> [Extracted entries]
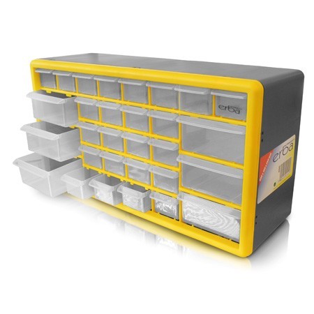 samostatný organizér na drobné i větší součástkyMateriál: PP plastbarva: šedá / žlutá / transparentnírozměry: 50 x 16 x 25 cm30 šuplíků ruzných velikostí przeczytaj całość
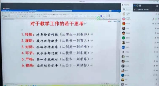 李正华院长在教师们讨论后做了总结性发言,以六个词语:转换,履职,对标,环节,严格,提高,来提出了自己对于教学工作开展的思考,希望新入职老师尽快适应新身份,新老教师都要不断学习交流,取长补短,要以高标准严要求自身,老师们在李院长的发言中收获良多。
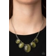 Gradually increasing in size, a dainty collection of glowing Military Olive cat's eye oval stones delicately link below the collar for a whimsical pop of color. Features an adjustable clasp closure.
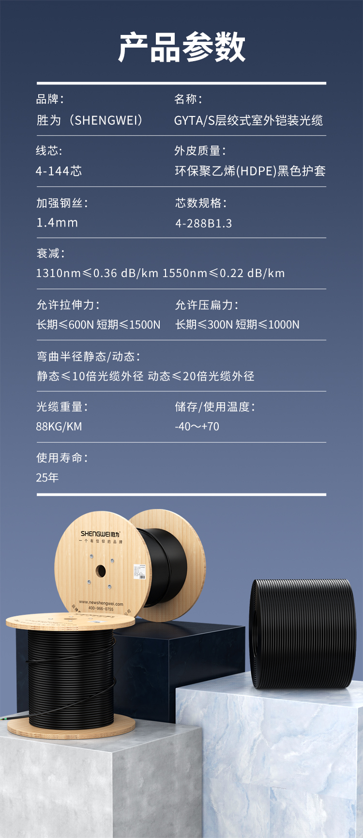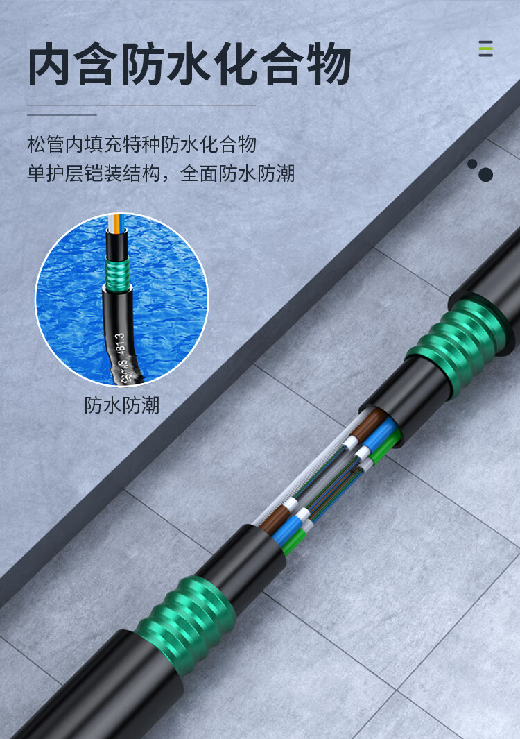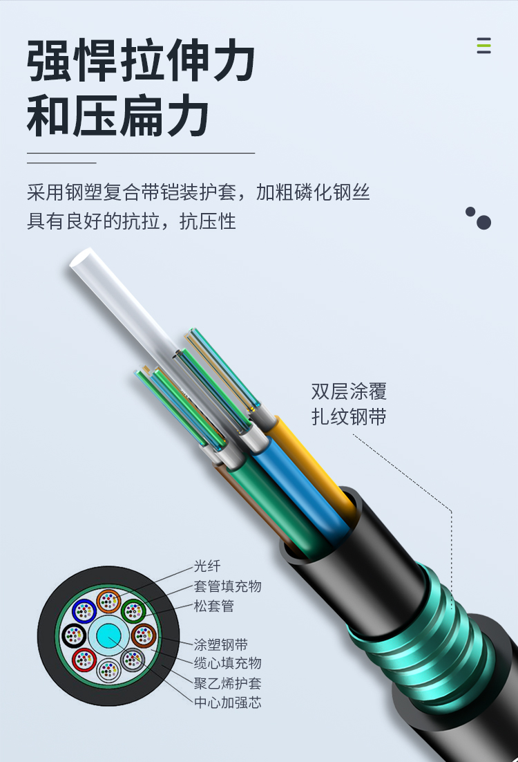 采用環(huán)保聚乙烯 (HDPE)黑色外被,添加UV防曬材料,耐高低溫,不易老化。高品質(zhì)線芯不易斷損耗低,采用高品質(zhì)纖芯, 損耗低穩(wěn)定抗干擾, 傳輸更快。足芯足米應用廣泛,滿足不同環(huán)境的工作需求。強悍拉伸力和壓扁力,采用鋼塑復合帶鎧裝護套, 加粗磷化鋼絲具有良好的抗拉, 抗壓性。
---
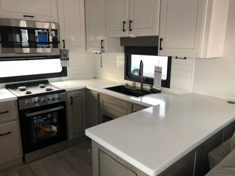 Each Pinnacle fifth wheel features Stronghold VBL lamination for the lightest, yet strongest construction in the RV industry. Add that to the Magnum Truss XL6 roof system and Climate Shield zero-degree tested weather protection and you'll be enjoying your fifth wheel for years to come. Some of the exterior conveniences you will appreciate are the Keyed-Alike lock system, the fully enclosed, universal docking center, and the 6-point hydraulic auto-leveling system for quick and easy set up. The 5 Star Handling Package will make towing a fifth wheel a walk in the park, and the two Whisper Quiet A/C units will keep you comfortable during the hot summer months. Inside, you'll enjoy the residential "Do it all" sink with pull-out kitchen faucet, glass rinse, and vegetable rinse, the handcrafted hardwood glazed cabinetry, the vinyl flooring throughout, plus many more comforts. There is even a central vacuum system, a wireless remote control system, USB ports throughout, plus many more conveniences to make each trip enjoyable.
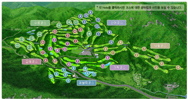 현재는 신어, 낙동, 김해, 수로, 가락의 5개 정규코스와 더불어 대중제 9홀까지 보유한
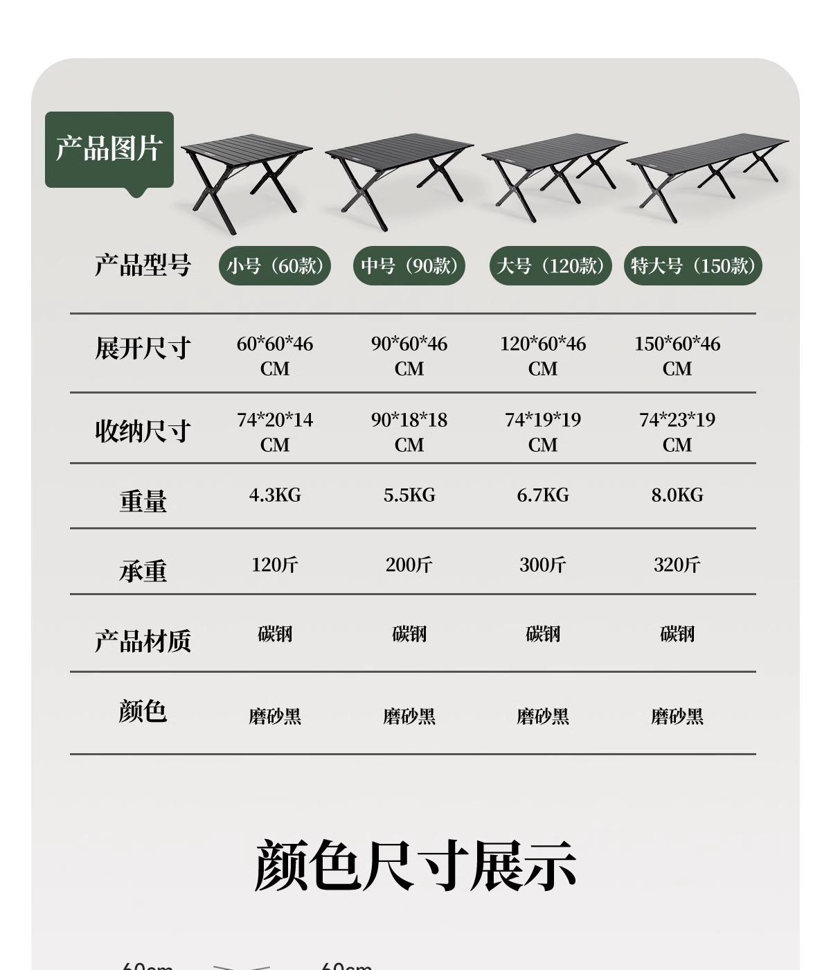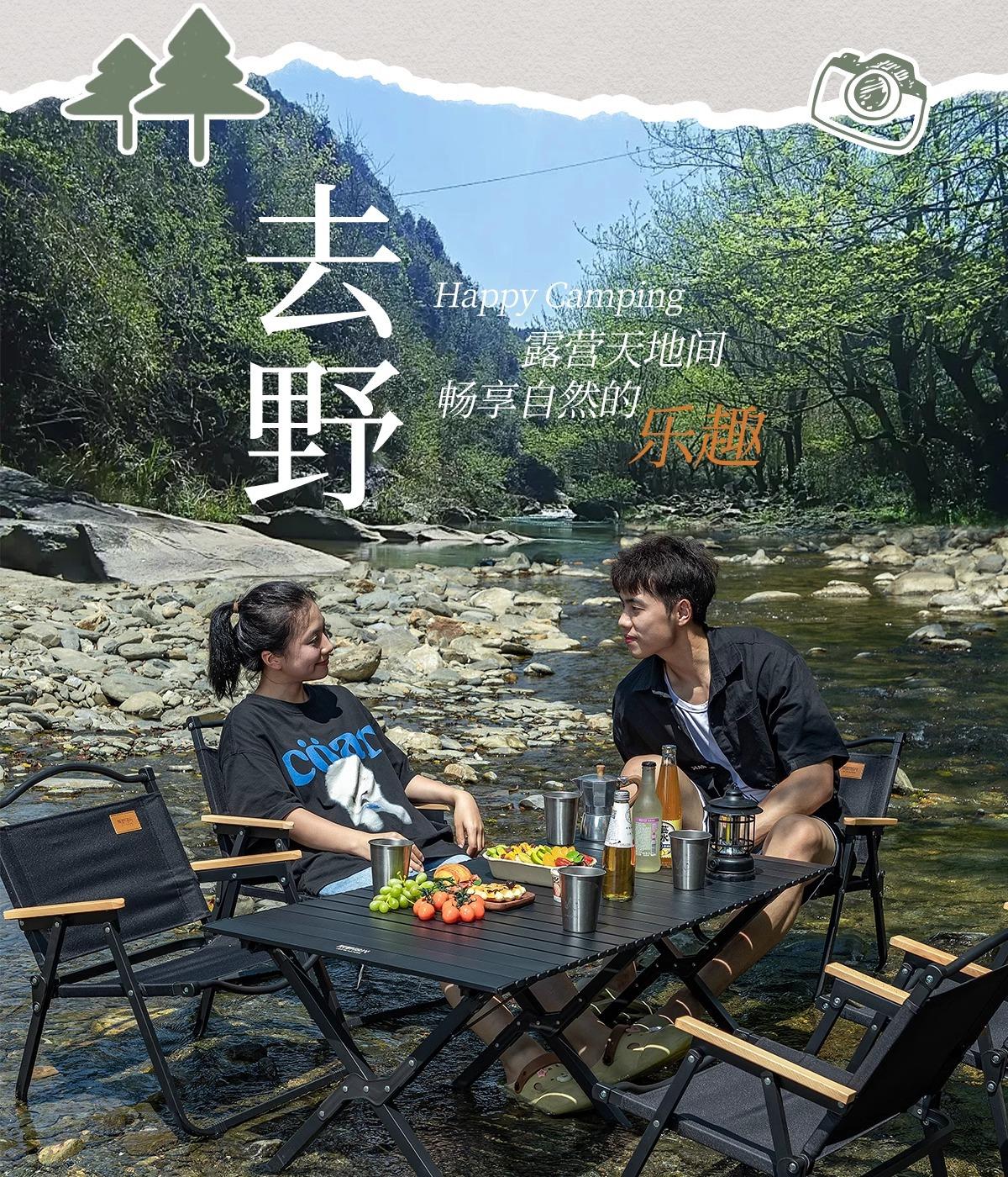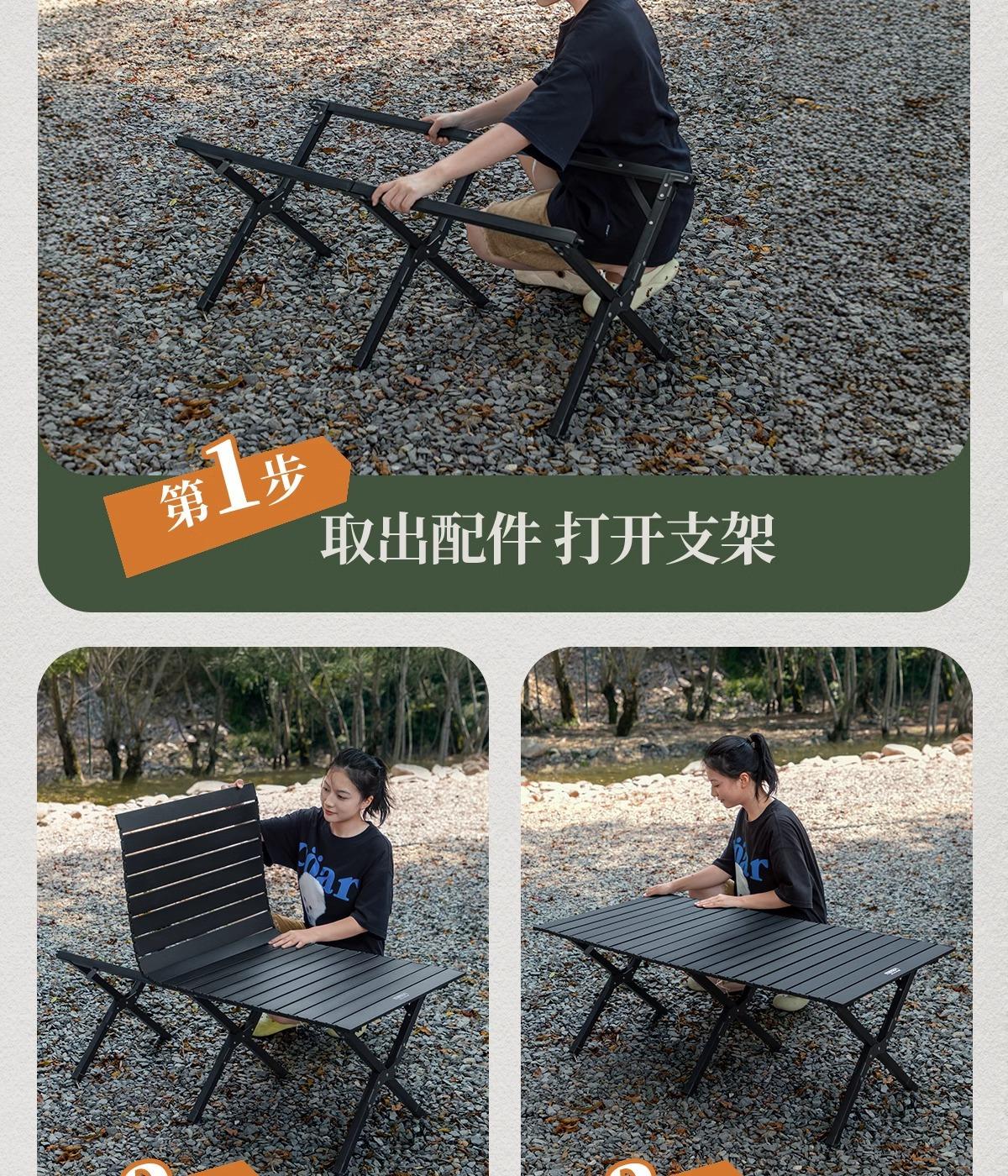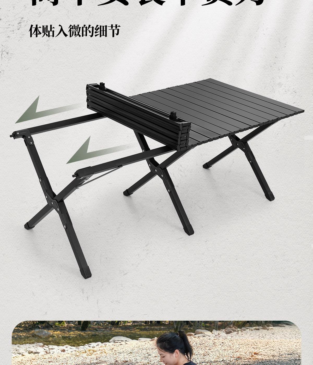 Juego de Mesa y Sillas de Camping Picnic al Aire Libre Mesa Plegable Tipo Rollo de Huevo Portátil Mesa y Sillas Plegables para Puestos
...
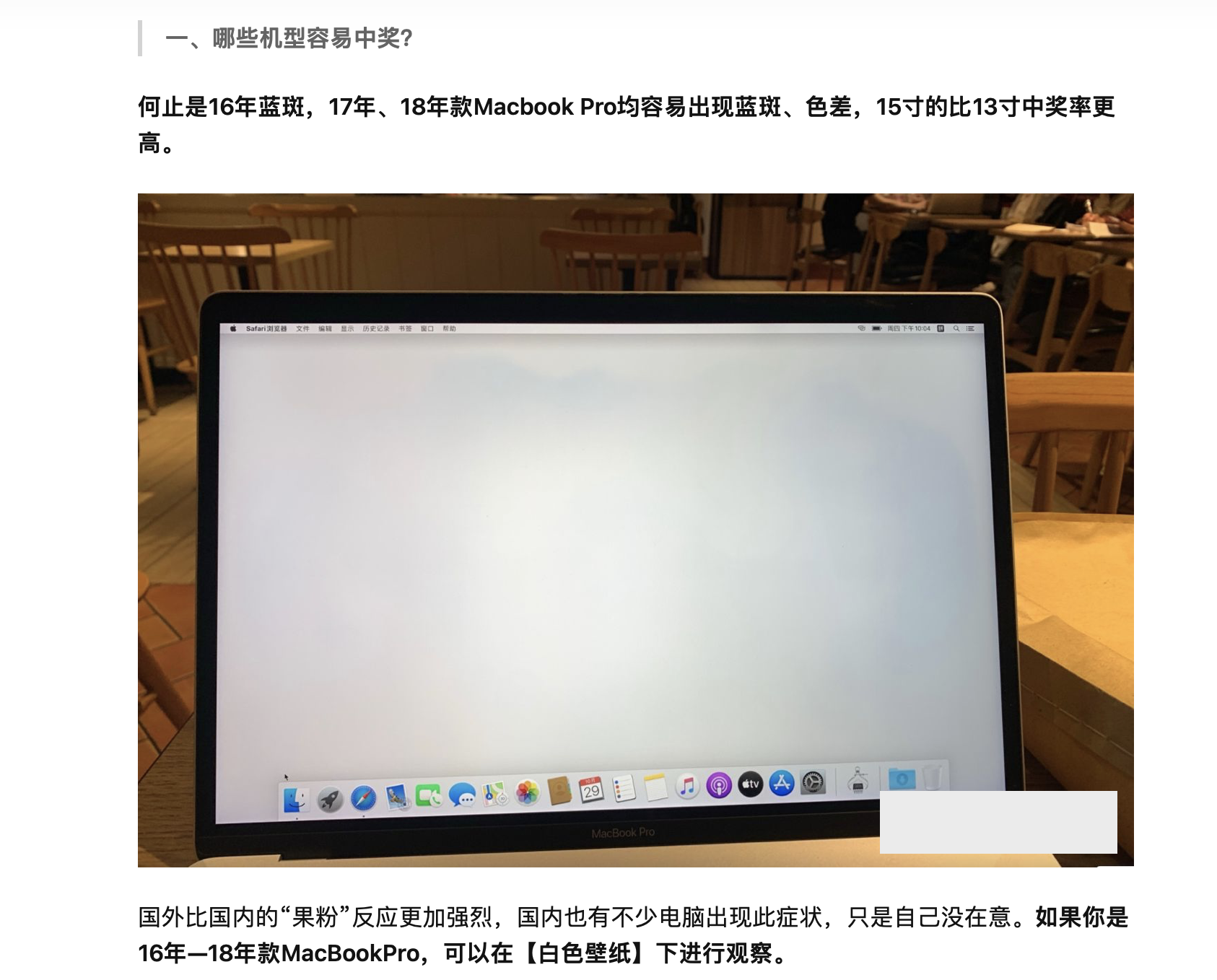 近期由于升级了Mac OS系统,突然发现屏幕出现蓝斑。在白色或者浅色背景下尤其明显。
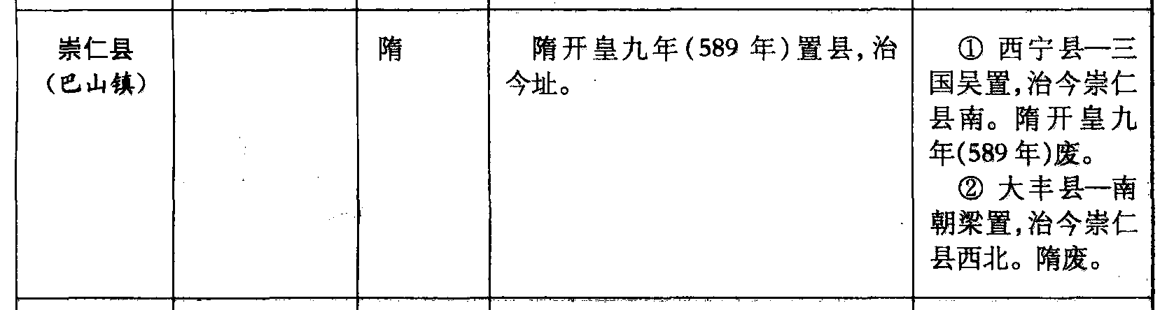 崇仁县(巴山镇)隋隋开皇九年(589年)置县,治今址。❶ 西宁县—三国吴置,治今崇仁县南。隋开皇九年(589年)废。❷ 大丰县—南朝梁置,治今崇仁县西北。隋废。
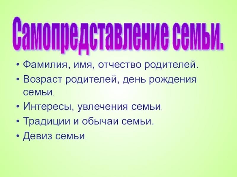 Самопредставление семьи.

> [Directions for this task]
Exactly as written above, retype the lines starting at the one holding "현재는 신어, 낙동, 김해, 수로, 가락의" and ending at the one holding "Juego de Mesa", both included, but not the pictures.

> [Answer space]
 현재는 신어, 낙동, 김해, 수로, 가락의 5개 정규코스와 더불어 대중제 9홀까지 보유한
 Juego de Mesa y Sillas de Camping Picnic al Aire Libre Mesa Plegable Tipo Rollo de Huevo Portátil Mesa y Sillas Plegables para Puestos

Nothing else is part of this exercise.